Find the points on the curve (points of tangency)

Question

iven the equation of the curve and the slope of the tangent line? 

Equation of the curve : y^3 + x^2 = y^2 - 5y + 14 
Slope : 1 

Im confused on how to solve this problem since you will have to impliciltly differntiate the equation and idk what comes after to find the points.
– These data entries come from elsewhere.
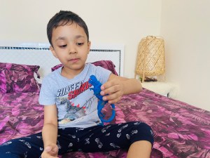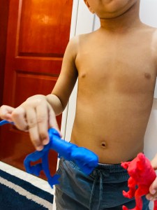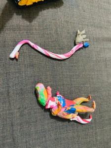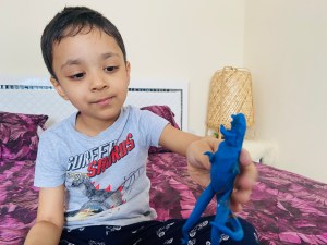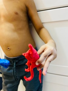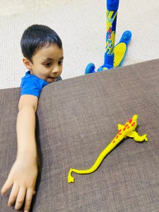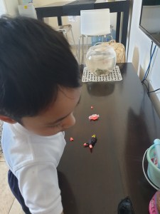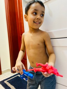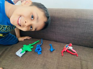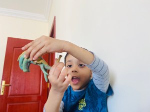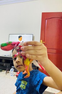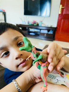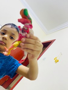 Although I want to tell you..this’s not a miracle happened from one night that he learned everything.. but slowly slowly.. step by step.. sometimes tasting the dough 😂 he learned how to mold..how to made a shape.. but when he was grownup to 3 he totally knew how to use clay and was making marvelous shapes and designs from it (animals and some toys characters) even we can’t make these kinds of shapes like him..
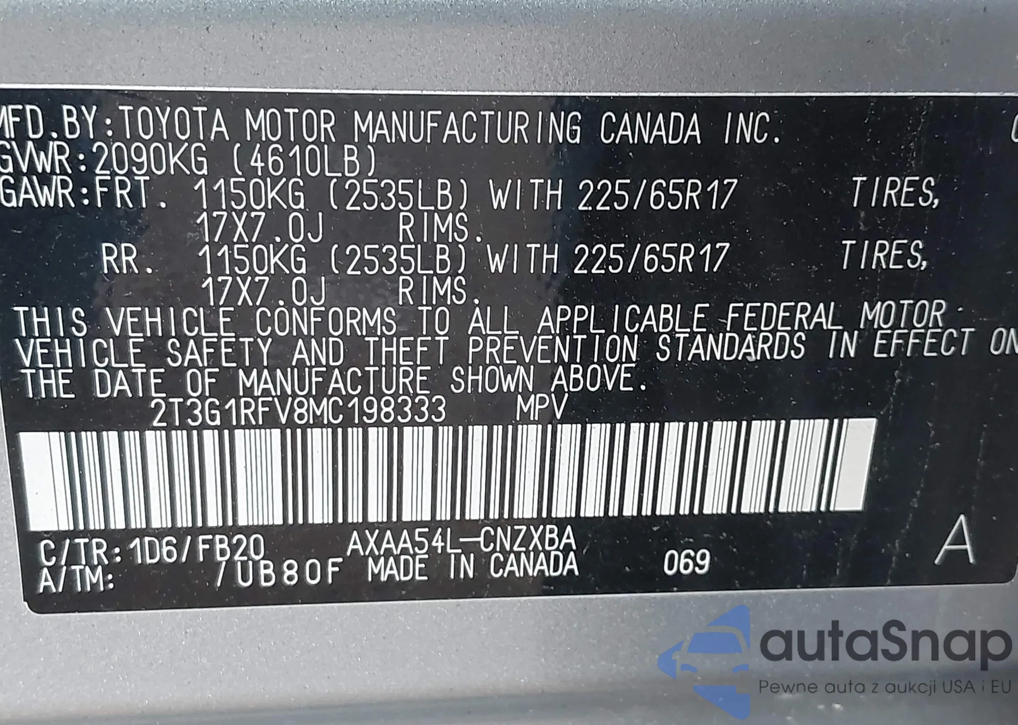 VIN: 2T3G1RFV8MC198333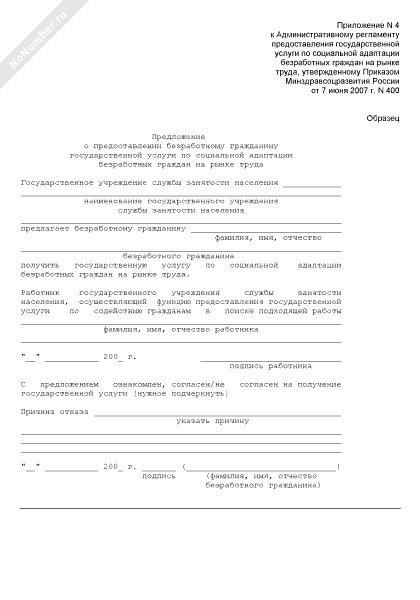 Предложение о предоставлении безработному гражданину государственной услуги по социальной адаптации безработных граждан на рынке труда (рекомендуемый образец заполнения)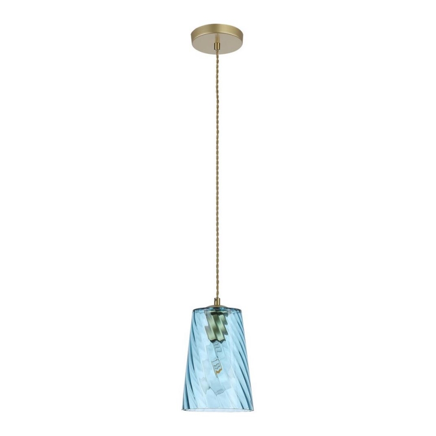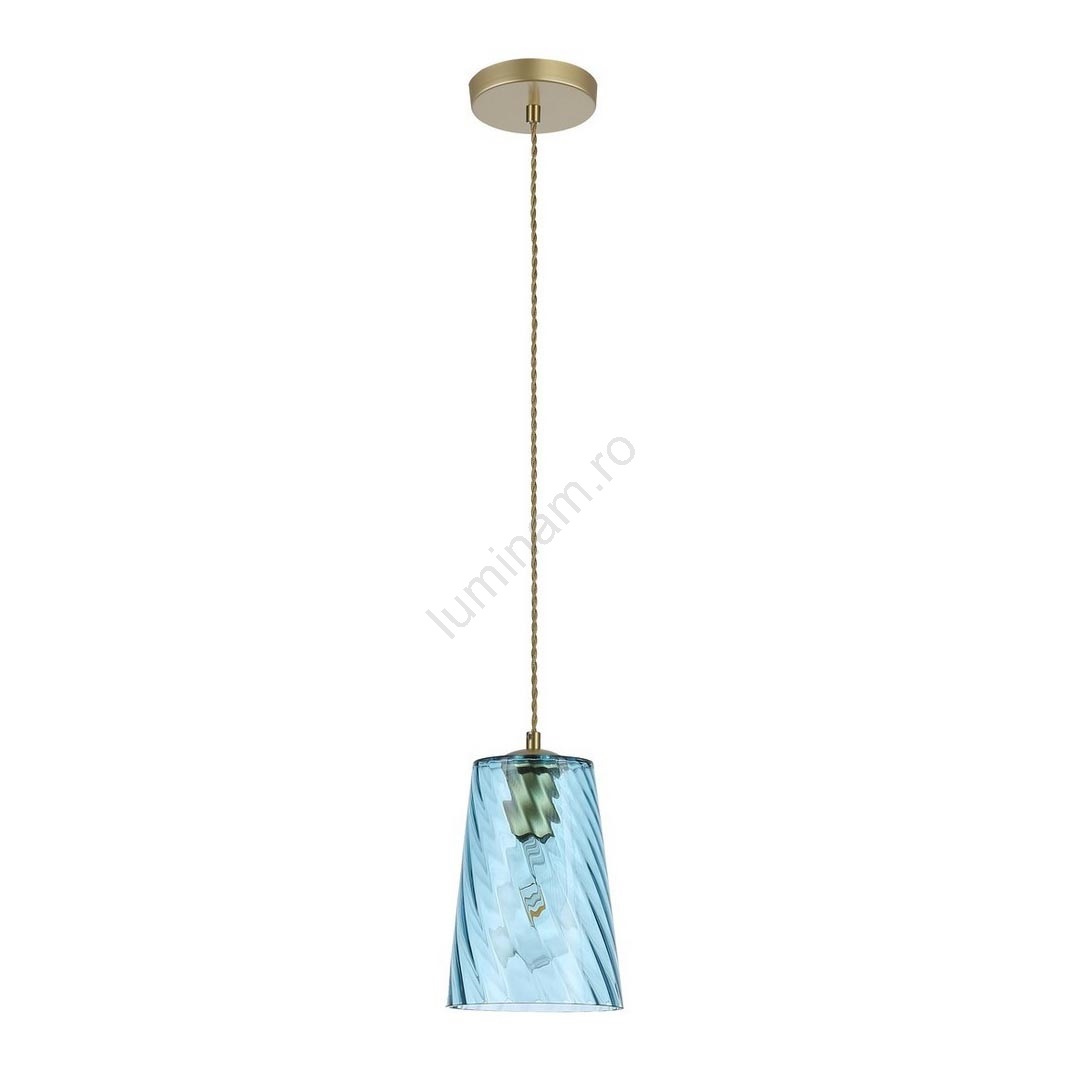În conformitate cu numele său, lampa suspendată modernă Azurine va umple camera de zi sau dormitorul dumneavoastră cu o strălucire azurie, cristalină. Lampa este fabricată din metal și sticlă, într-o combinație elegantă de culori aurii și albastre; corpul lămpii este conectat la o bază decorativă rotundă aurie printr-un cablu textil. Suprafața ondulată a abajurului alungit în formă de clopot evocă marea. Lampa Azurine poate fi utilizată cu un bec de până la 40W, cu soclu E27. Pentru a îmbunătăți atmosfera intimă a locuinței, alegeți o sursă de lumină alb cald pentru această lampă. Dimensiunile lămpii suspendate Azurine sunt următoarele: diametrul abajurului este de 150 mm, distanța de la tavan 1750 mm, diametrul de instalare 120 mm. Acest model este livrat fără sursă de lumină.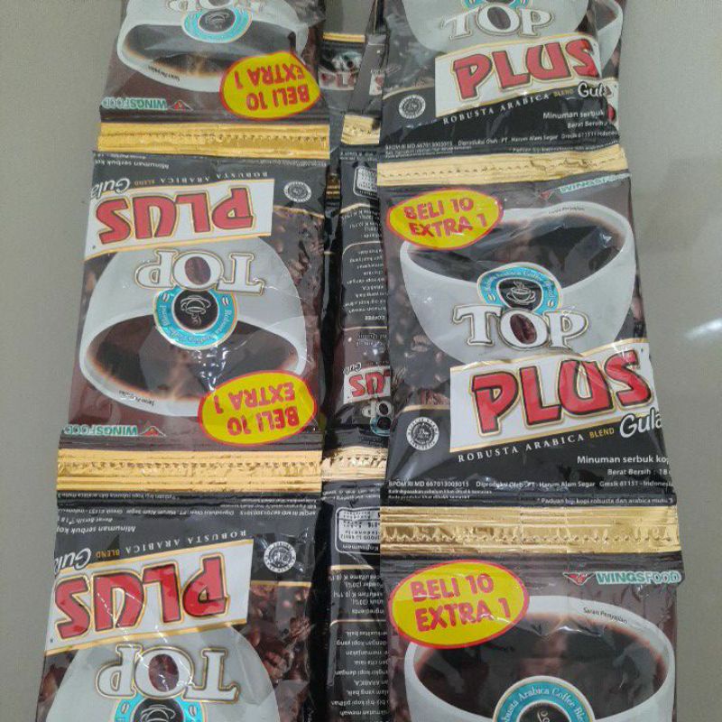 top plus gula isi 10 saset kopi berat 18g per saset nya.stok melimpah.packing standar plastik.pembelian 100k baru free packing kardus.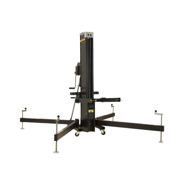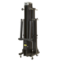 Универсальный элеватор фронтальной загрузки для линейных массивов, светодиодных экранов и ферм, с четырьмя секциями и возможностью блокировать на разной высоте, с индикатором уровня горизонтального положения, с транспортировочными колесами.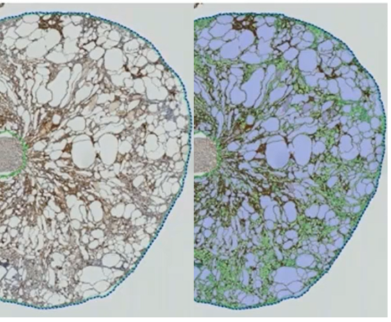 NovAliX, a French CRO, established a PKD1-inducible knockout mouse strain to to enable targeted research. Using Discovery, they can accurately and reproducibly quantify cysts, vessels, and fibrosis in the model over time with advanced tissue segmentation workflows. The accurate measurements help not only to study disease progression but also evaluate therapeutic approaches.
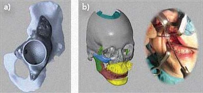 圖4:a)個性化的整形植入物通常是用鈦生產(chǎn)的,并具有精細(xì)的幾何表面,非常有助于表面形狀的修復(fù)。b)在一個整形植入物中集成了一個鈦金屬表面層結(jié)構(gòu),其有助于表面形狀的恢復(fù),且易于植入手術(shù)操作。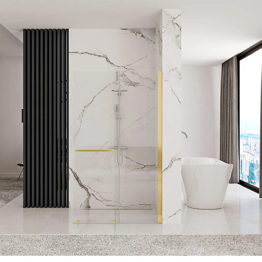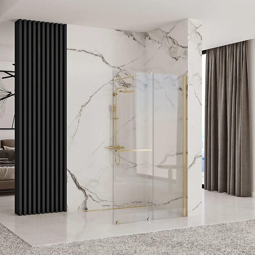 Ścianka Walk-in Cortis Rea K8485 120x200 gold to stylowa i nowoczesna ścianka o wymiarach 120x200 cm, wykonana z hartowanego, bezbarwnego szkła o grubości 6 mm. Posiada otwarty złoty profil z regulacją przyścienną oraz powłoką ułatwiającą czyszczenie, co zapewnia wygodę i elegancki wygląd łazienki. Stabilność konstrukcji zapewnia wspornik o długości 120 cm, a całość waży 26 kg. Produkt należy do serii CORTIS, łącząc nowoczesny design z praktycznym i trwałym rozwiązaniem do każdej łazienki.
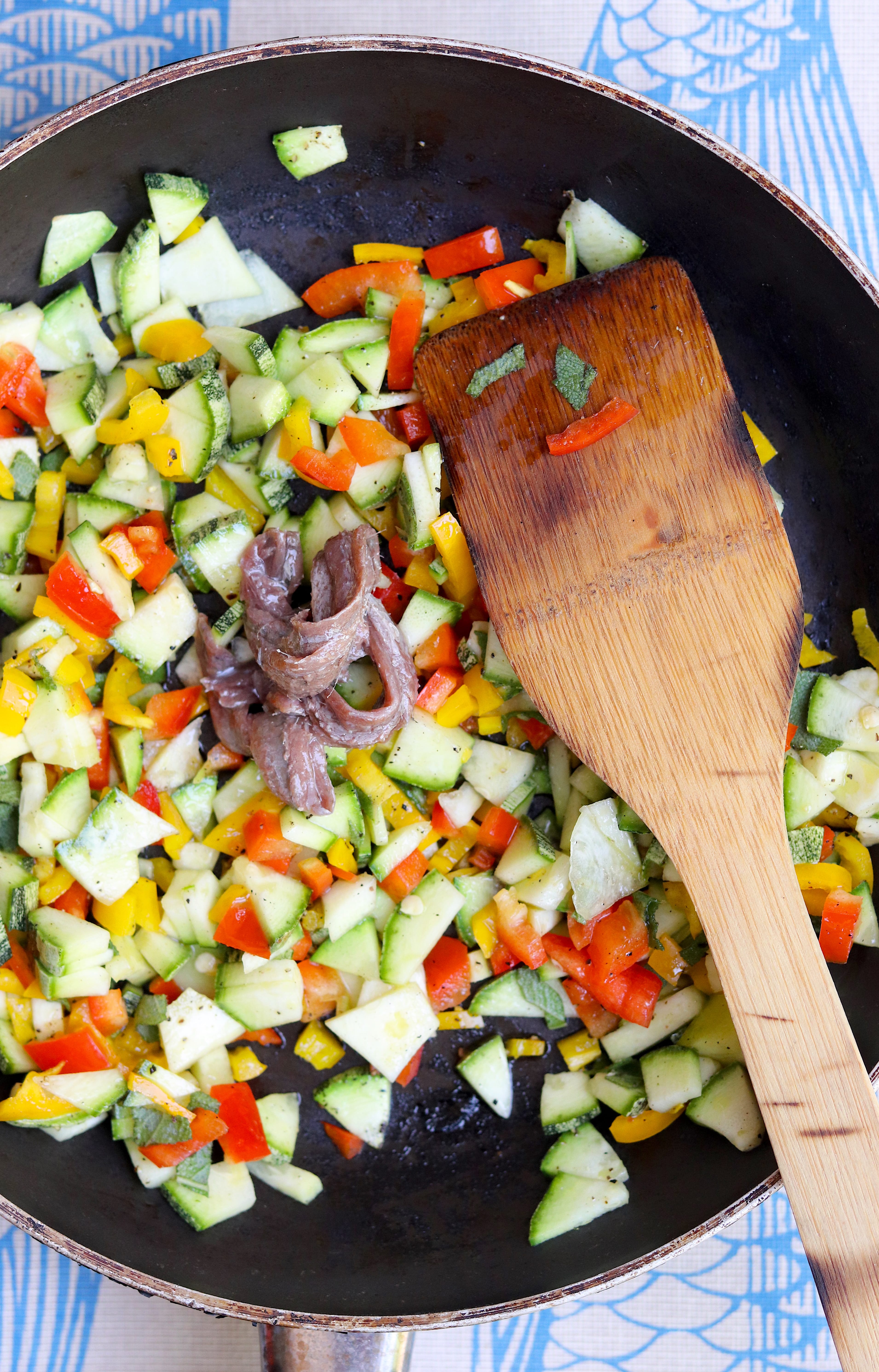 - In un tegame scaldate due cucchiai di olio con un pizzico di pepe, aggiungete le verdure e rosolate qualche minuto. Aggiungete le acciughe sgocciolate e cuocete fino a farle sciogliere (aggiungete acqua se necessario).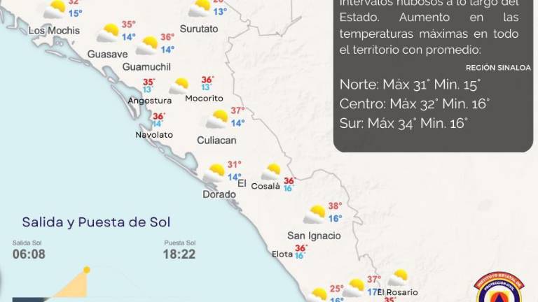 Culiacán Hasta 38 grados centígrados pronostican para Sinaloa durante este viernes 31 de marzo( Foto: Instituto Estatal de Protección Civil. ) Culiacán Mañanas frescas y tardes calurosas, el pronóstico del clima para Sinaloa 31 marzo 2023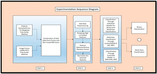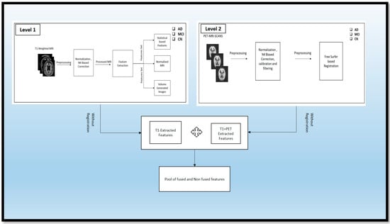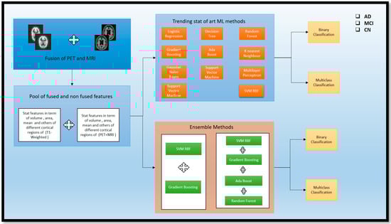 This section discusses the various preprocessing steps required to prepare the data for fusion and the methods to achieve the fusion. In Section 4.1, we detail how we applied the different preprocessing techniques to the T1-weighted images extracted from statistical and volume-generated images. Section 4.2 describes the preprocessing of the PET scans. Section 4.3 describes the fusion of PET and MRI, achieved through the registration technique. Section 4.4 clarifies the fusion of features from the fused and non-fused modalities. Section 4.5 describes the traditional ML methods used, and Section 4.6 describes the ensemble methods used for classifying the different classes: AD, MCI, and CN.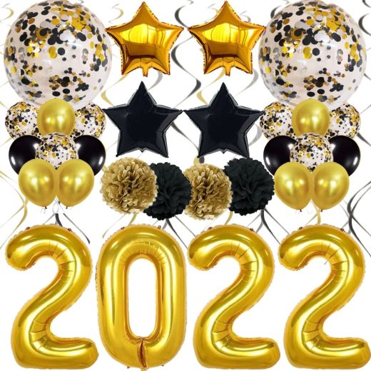 Gold and Black Decorations to You Graduation Party Supplies 2022: 40 Inch Gold 2, 0, 2, 2 Number Balloons, 2 Pcs 18 Inch black gold silver confetti balloons, pack of 18 gold and black latex balloons and confetti balloons plus pack of 4 black gold pom poms , 4 Star Mylar foil Balloons, 18 Pcs Gold Black and Silver hanging Swirl, A must have for a college, senior high school, prom theme graduation party supplies. You can also reuse them for 1st 2nd 20th Birthday, 10th baby or even Class of 2022 Perfect for Party Photo Background Decorations: This magical set contains everything you need for party decoration, so you dont have to spend more from other vendors. Decorate the backdrop with Gold 2022 Balloons and Confetti Balloons to make this an unforgettable moment for your kids, yourself, your family and friends. Easy to hang and detach! Suggested Uses: College Graduation decorations, Senior high school, Kindergarten graduation décor, preschool level up ceremony, Photobooth Backdrop, Photo Background, Retirement, Birthday, Wedding, Bachelor Party, Baby Shower, Anniversary, Engagement, Christmas, Store Opening, Corporate Events, Easter, Halloween, Bridal Shower, Photo Shoots, New Years Eve and any special activity. Decorate the party at home or anywhere and create lasting memories. Non-Toxic & Safe & High Quality: These Latex balloons and 2022 foil balloons can be hung from the ceiling or wall when filled with air, float in the air when filled with helium.Balloons with quality, never easy burst. Please Buy with Confidence: You will get a full refund guarantee any time, please feel free to contact us if you have any questions, your 100% satisfaction is our pursuit

The answer to this is (-3,1) pls show solution and explain

 

Answer 1

The curve y³ + x² = y² - 5y + 14

Differentiate implicitly with respect of x.

3y² y' + 2x = 2yy' - 5y'

3y² y' + 2x - 2yy' + 5y' = 0

y' (3y² - 2y + 5) + 2x = 0

y' = - 2x/[3y² - 2y + 5]

y' is slope of tangent line

y' = 1

1 = - 2x/[3y² - 2y + 5]

3y² - 2y + 5 = -2x

x = [3y² - 2y + 5]/-2

x = - 3y²/2 + y - 5/2

Substitute the x = - 3y²/2 + y - 5/2  in the curve.

Solving above fourth degree equation, the roots are

y =  0.36 +  1.98i

y = 0.36 - 1.98i

y = 0.99

y = -0.84

In this case consider y = 0.99 = 1(approximate)

Substitute y = 1 in x = - 3y²/2 + y - 5/2

Therefore, the tangency point is (x,y) = (-3, 1).